The guidance (General Counsel Memorandum 202124008) reasons that pre-2018 exchanges between Bitcoin and Litecoin or between Ether and Litecoin were not exchanges of like-kind property – and are therefore taxable – because both Bitcoin and Ether had a special role in cryptocurrency trading since investors wanting to trade in other cryptocurrencies had to exchange the other currencies into or from either Bitcoin or Ether. This special role shared by Bitcoin and Ether made them different from Litecoin (and likely most other cryptocurrencies), and therefore exchanges between Litecoin and either Bitcoin or Ether were not like-kind exchanges under section 1031.

The memorandum further concludes that pre-2018 exchanges between Bitcoin and Ether were likewise taxable because of their differences in overall design, intended use, and actual use. The memorandum states that Bitcoin is designed to act as a payment network, with Bitcoin acting as the unit of payment. On the other hand, according to the memo, the Ethereum blockchain was intended to act as a payment network and to act as a platform for operating smart contracts and other applications, with Ether working as the “fuel” for these features. As a result, the memorandum concludes that Bitcoin and Ether are not like-kind property, and not eligible for § 1031 tax-free exchange treatment.

The guidance states that it only applies to exchanges among Bitcoin, Ether, and Litecoin, but it is quite possible that the IRS would extend this rationale to other cryptocurrencies that share characteristics with these three cryptocurrencies. Furthermore, while the guidance only applies to pre-2018 cryptocurrency swaps, it is a stark reminder to present-day investors that every exchange of cryptocurrencies is now a taxable event, since 1031 tax-free exchange treatment has not been available for personal property since Jan. 1, 2018.

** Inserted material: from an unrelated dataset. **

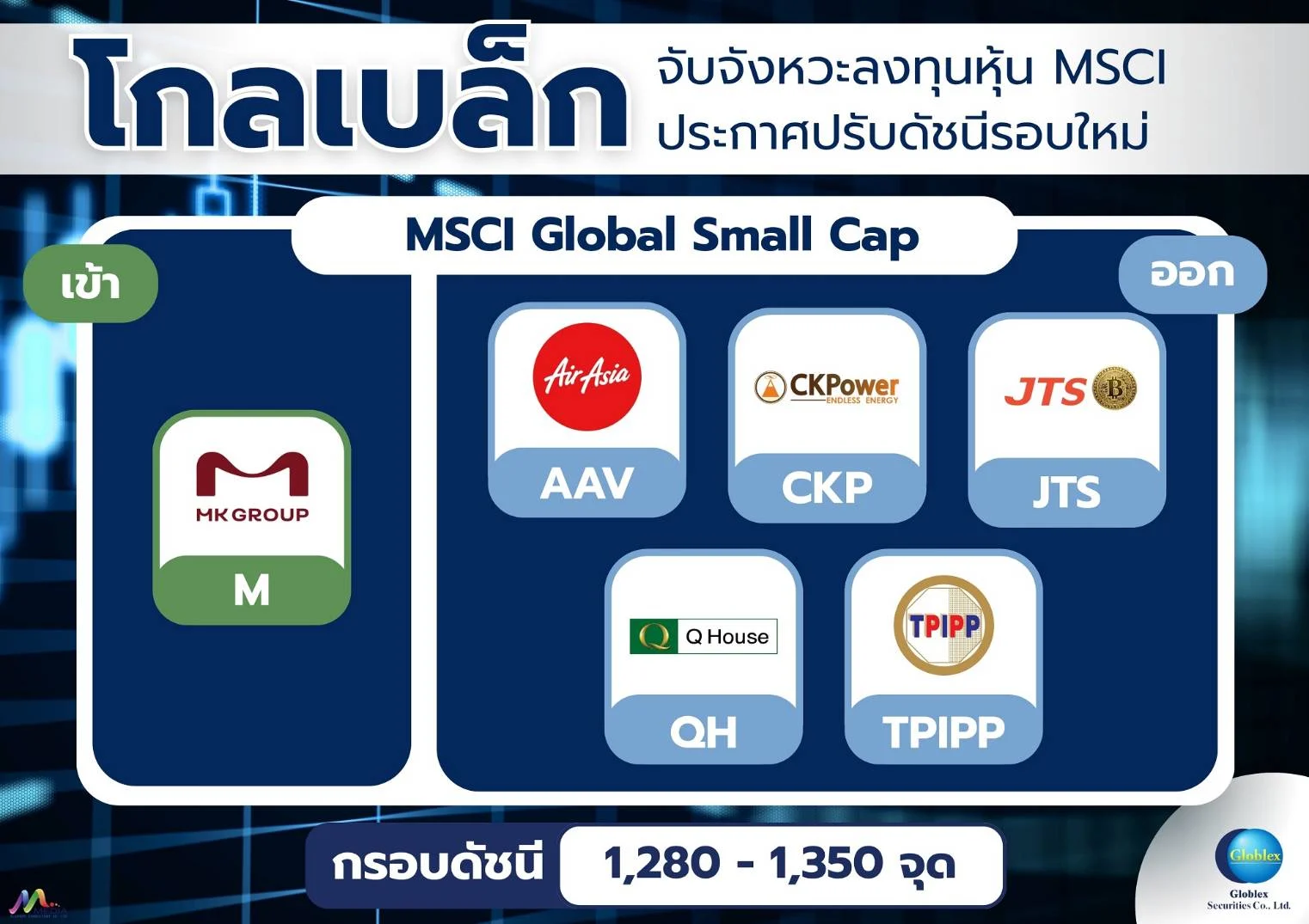 นายวัชเรนทร์ จงยรรยง ผู้อำนวยการฝ่ายวิจัย บล.โกลเบล็ก แนะนำกลยุทธ์การลงทุนในหุ้นที่ปรับอานสิสงส์จากการ MSCI ประกาศรายชื่อหุ้นที่มีการปรับน้ำหนักในดัชนีรอบใหม่ ซึ่งจะมีผลในวันที่ 24 พฤศจิกายน 2568 โดยในรอบนี้ไม่มีการเปลี่ยนแปลงในดัชนี MSCI Thailand Index ขณะที่ดัชนี MSCI Global Small Cap มีการเปลี่ยนแปลงสำคัญ โดยหุ้นที่มีการนำเข้าคำนวณได้แก่ M ส่วนหุ้นที่นำออกจากการคำนวนดัชนี ได้แก่ AAV, CKP, JTS, QH, TPIPP ซึ่งส่งผลให้มีแรงซื้อเก็งกำไรหุ้นที่จะปรับเข้า และระวังแรงขายหุ้นที่ถูกปรับออก

Investors who were swapping these cryptocurrencies before 2018 and assuming these trades were tax-free § 1031 exchanges might be in for a rude awakening. It is not clear why it took the IRS so long to come out with guidance on whether cryptocurrency swaps were or were not entitled to tax-free exchange treatment – this guidance comes seven years after the initial IRS announcement that cryptocurrency should be treated as property, and not as a currency for income-tax purposes. Nevertheless, many investors are now exposed to back taxes, interest, and penalties for not reporting their gains on pre-2018 swaps. The general statute of limitations is three years from the date the tax return was filed, so that the statute of limitations for the IRS to audit would have expired for the 2017 and prior tax years if a 2017 return was filed by April 15, 2018 (but 2017 might still be an open year if the return was filed on extension). However, there is a special six-year statute of limitations in cases where the taxpayer failed to report more than 25% of their income. Accordingly, the statute of limitations for investors who recognized substantial gains from trading cryptocurrencies might be open for years going as far back as the 2015 tax year (or even 2014 if they filed on extension). Businesses with potential exposure should consult with experienced tax counsel. Furthermore, if the IRS alleges that the failure to report cryptocurrency transactions was fraudulent, the statute of limitations to assess back taxes would run without any time limit.

Investors who exchanged cryptocurrencies prior to 2018 should consult their tax advisor to determine if the six-year statute of limitations might still be open, and if so, consider filing amended returns to report their gains. The IRS has obtained and is in the process of obtaining trading information from cryptocurrency exchanges, so the government may already or soon will know the extent of crypto swaps made by investors.